Smiling, tears staining my cheeks, I fall helplessly to the moment, lost in everything beautiful.

It's not until the show ends that I allow myself to move. Cam's hand still wrapped in mine, we stand. It's only then that I let his fingers drift from mine and I join in the chorus of cheers and claps.

Slowly, we make our way out from the theater and drift along the cool night. Without a word, he doesn't take me straight back to the car but instead allows me to continue to breathe in every freeing ounce of this moment.

We travel along the sidewalk, crossing the street to stand along the small bridge that overlooks the expanse of the bay, the quiet of the night a stark contrast to the busy streets behind us. His hand is in mine, the stale streaks of dried tears cling to my cheeks.

"Thank you," I whisper.

His eyes fall to me, his body shifting just enough for his shoulder to lean along mine. "For what?"

"For giving me a piece of my mom back."

His arm falls around me as I tuck myself into his chest, feeling the steady beat of his heart along my cheek.

"I know how hard it is to keep living a life without her, Kenze. But we have to keep going. For them. For ourselves."

I hide against his chest, clinging to his warmth for a moment longer before I slowly pull back and look up at him. "I didn't realize how much I missed this. How much I wanted to go to the symphony, how much I still want to play piano, to fill the house in fresh flowers and to just...feel happy. I thought ignoring it meant I was moving forward, but I had it all wrong."

The soft touch of his fingers trail my cheeks as he tucks a strand of hair behind my ear. "Can I ask why you stopped? Why did you let all of those things go?"

"It was easier."

"For who?"

His eyes search mine, seeing straight through all of the things I've kept tucked away. "For my family," I admit. "When she first passed, I was a mess. I couldn't sleep. I'd crawl into Jare's room a shaking, blubbering mess, and he'd comfort me the best he could. But he was grieving too. I couldn't eat, I could barely go through the motions, until one day, I saw what my grief was doing to those around me. If I could just swallow it all, if I could be strong for everyone around me, then maybe they would heal."

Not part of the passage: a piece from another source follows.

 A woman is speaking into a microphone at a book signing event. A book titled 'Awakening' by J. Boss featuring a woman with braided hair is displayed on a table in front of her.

"You buried everything so they could move on?"

"I had to. I had to help put them back together. I had to look out for them just like my mom did, just like she would have done if she were still here."

"And who's left to take care of you?"

His question echoes through me. It's one I've fended off for far too long. Because I don't need to be taken care of. I need to be strong. I need to be the anchor to my family, the heartbeat.

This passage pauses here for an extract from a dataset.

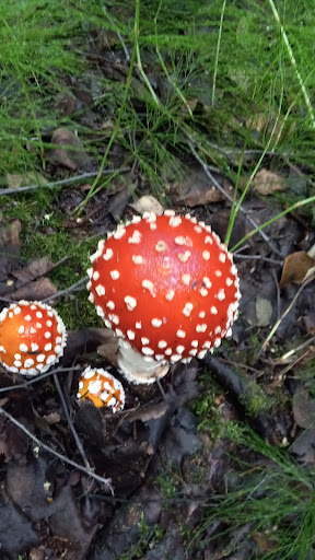 On the left you will find many trails in the woods where alot of moose are. This is where you will find the mushrooms in my photos.

"I'm fine," I begin to say, but he jumps back in.

"Kenze, you are one of the strongest people I know. You're brave, you're talented and smart. You have a huge heart that is somehow always giving. But that doesn't mean you have to always be fine. It's okay to not be okay. It's okay to be sad, to be angry, to want to scream or cry. It's okay to want flowers in the house and to play the piano. It's okay to miss her, and to still feel happy even in her absence."

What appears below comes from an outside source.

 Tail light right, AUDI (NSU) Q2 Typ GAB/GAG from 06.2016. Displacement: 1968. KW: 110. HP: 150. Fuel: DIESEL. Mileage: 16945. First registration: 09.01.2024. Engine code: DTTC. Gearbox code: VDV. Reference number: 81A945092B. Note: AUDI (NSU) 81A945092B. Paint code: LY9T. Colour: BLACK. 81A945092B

"Cam..." I cry, the heated tears fall along his hand as he holds my face. "I'm not okay."

He pulls me into his chest, wrapping his arms around me as I cry. For the first time in a really long time, I truly cry. The tears flow in waves, rattling my chest and echoing along my vocal chords. Every buried ounce of pain bounces across my chest as I cling to his shirt.

"I've got you, Kenze," he whispers into my hair, pressing a kiss along my head as he holds me tighter. "I've got you."